**Exercise**
All lines from the one containing "The key manipulation" through the end of the data below are to be repeated exactly, with pictures left out.

BEGIN Given data

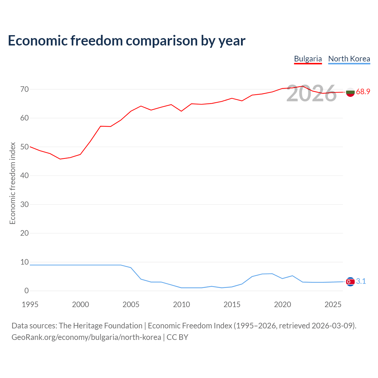 The Economic Freedom Index for Bulgaria is 68.9, ranking 44/197, compared to 3.1 for North Korea, ranking 197/197. The chart above displays a comparison of annual changes in economic freedom indexes.
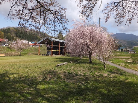 ▼喜多方市中心部は今は枝垂れサクラの名所です
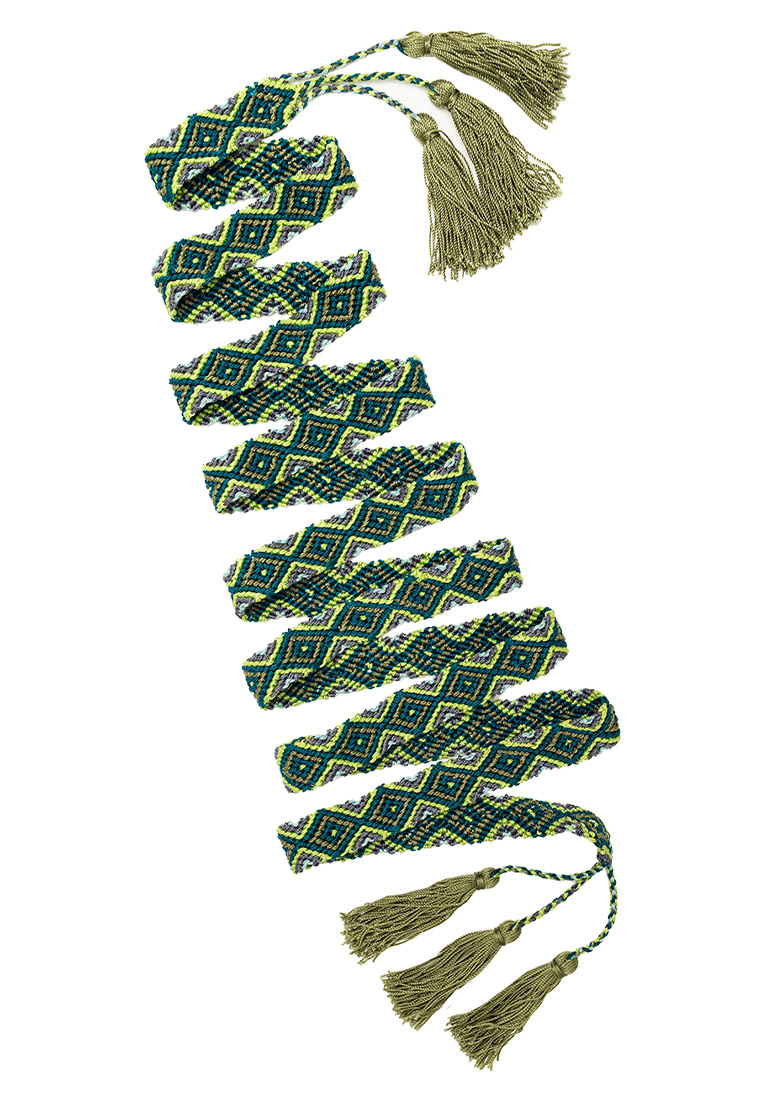 Die geknoteten Gürtel kommen aus Peru und werden in der traditionellen Knotentechnik von Hand produziert. Einzelne Farbfäden, bis zu 12 m lang, werden akribisch zu wunderschönen geometrischen Mustern geknotet. Wir arbeiten mit Frauengruppen aus den indigenen Völkern in den Anden zusammen, die einen verlässlichen und fairen Lohn erhalten, mit dem sie einen Beitrag zum Familienunterhalt leisten können.
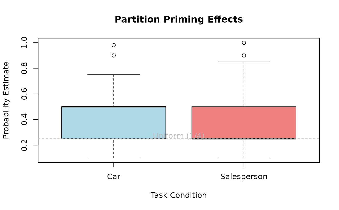 The key manipulation is the implicit partition: In the Car condition, there are multiple car types (binary: coupe vs. not coupe), while in the Salesperson condition, there are four specific salespersons. Classical findings suggest that different partition structures lead to different probability estimates even when the actual probabilities are equivalent.
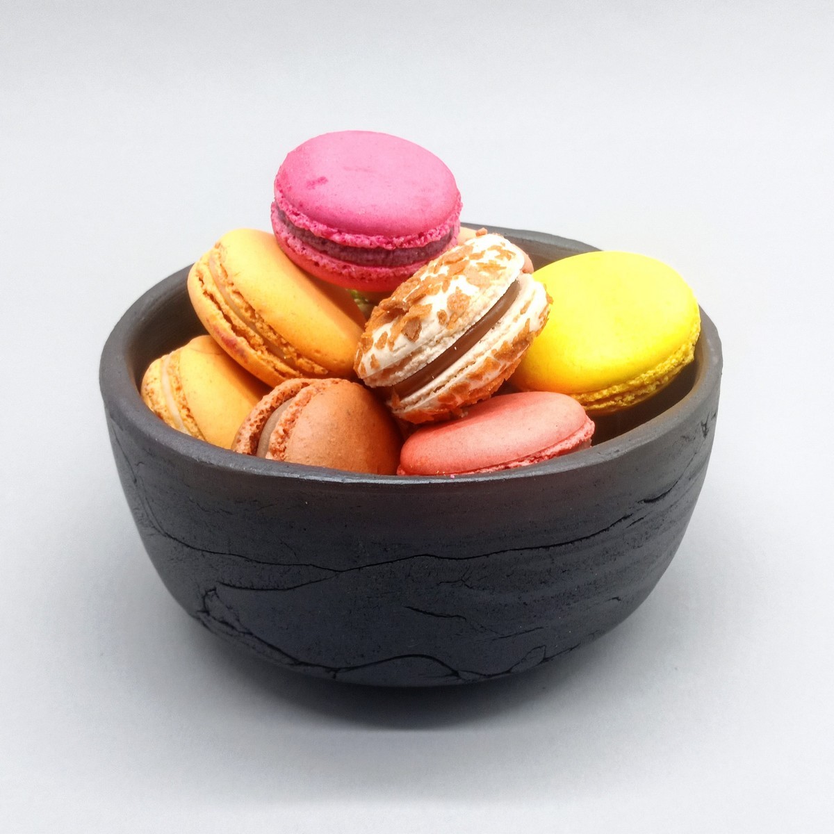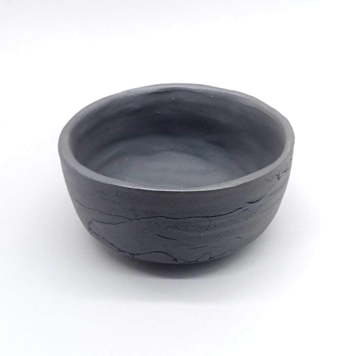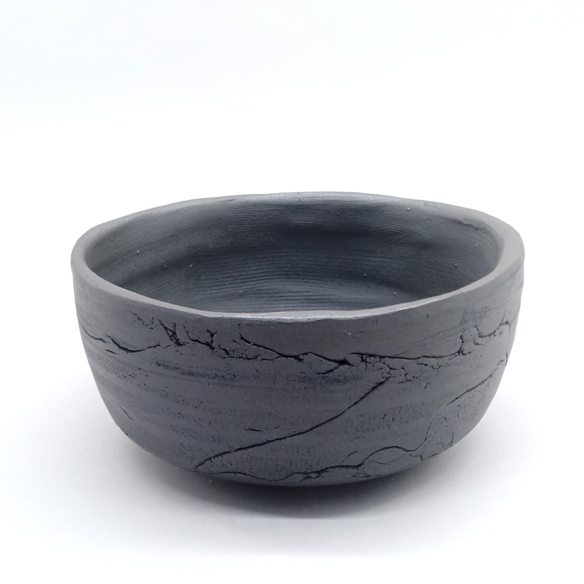 Black stoneware bowl, raw outdoors and indoors. For the presentation of pastry, in service for bread, or in garden center for compositions.

END Given data

**Exercise solution**
 The key manipulation is the implicit partition: In the Car condition, there are multiple car types (binary: coupe vs. not coupe), while in the Salesperson condition, there are four specific salespersons. Classical findings suggest that different partition structures lead to different probability estimates even when the actual probabilities are equivalent.
 Black stoneware bowl, raw outdoors and indoors. For the presentation of pastry, in service for bread, or in garden center for compositions.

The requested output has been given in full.